PG 聊聊 transaction wraparound

原创大表哥 2023-02-13

1605

大家好，最近和单位同事聊了聊 PG的MVCC 机制，顺便记录了下来一些内容主要围绕PG事务ID的 transaction wraparound 问题。

熟悉PG的朋友们都知道 PG 的MVCC 的实现与 MYSQL, ORACLE的undo 机制不同， PG在数据页上直接插入数据，类似于 insert append 直接追加数据，当数据读取的时候（这里说的隔离级别为read-committed), 通过当前连接的session 的 txid 与数据页中的 t_xmin,t_xmax 来判断比对从而得出可见的数据。

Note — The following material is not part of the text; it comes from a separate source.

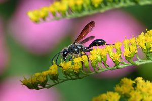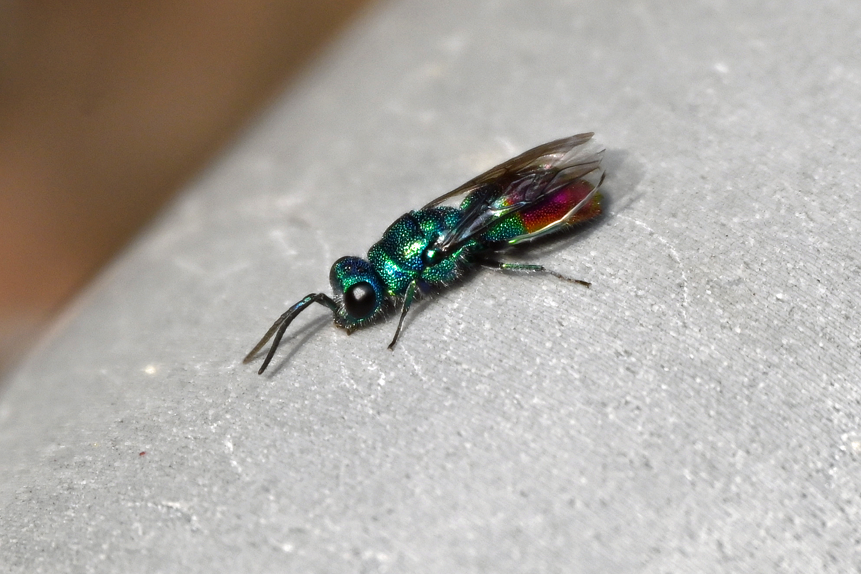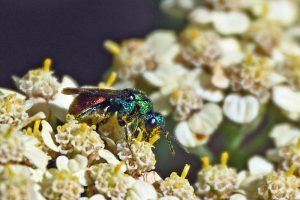 Die Goldwespen (Chrysididae) fallen durch ihre wunderschöne metallisch-glänzende Färbung auf. Die Weibchen der Gemeinen Goldwespe oder Feuer-Goldwespe (Chrysis ignita) legen ihre Eier in Nester solitär lebender Bienen oder Wespen. Ihre Larve frisst zuerst die Wirtslarven und anschließend deren Vorräte. Die Bienenwolf-Goldwespe (Hedychrum rutilans) parasitiert in den Brutkammern des Bienenwolfs. Wo Bienenwölfe vorkommen, findet man auch die Bienen-Goldwespen.
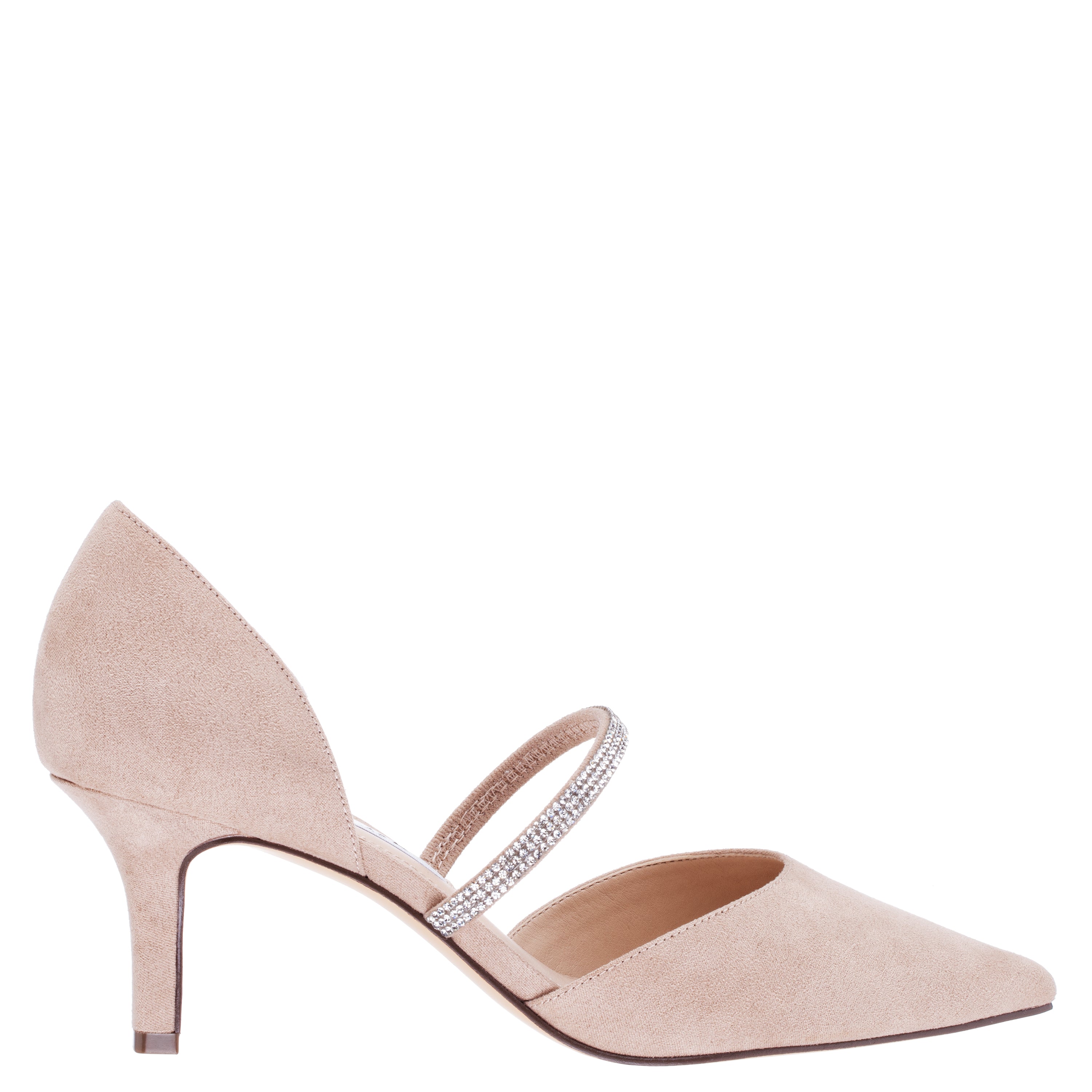 This simply "wow" pointy-toe pump is simply stunning. Brystol by Nina, a d'Orsay two-piece pump, is adorned with a crystal-covered instep strap that compliments any event outfit from trousers to gowns more glamorous. A must-have addition for any shoe wardrobe.

我们这里暂时不讨论具体的数据可见性的比对规则。我们要聊的是 PG全局的事务ID ：txid

这个值可以通过函数 txid_current() 得到

postgres@[local:/tmp]:1992=#45175 SELECT txid_current();
txid_current
--------------
     5303884
(1 row)

复制

TXID 这个数值当初设计的时候是一个无符号的 INT 32 位的数字，大约的数值范围在42亿左右。这个数值的范围很容易用满，所以在PG采用 cycle 的循环利用的方式来重置 TXID.
由于transaction id 是正整数，所以只有无符号32位整型数字的一半，大致20亿左右。

举个例子，我们借用JP 业界知名大神的著作中的一张图来描述一下 transaction wraparound 问题。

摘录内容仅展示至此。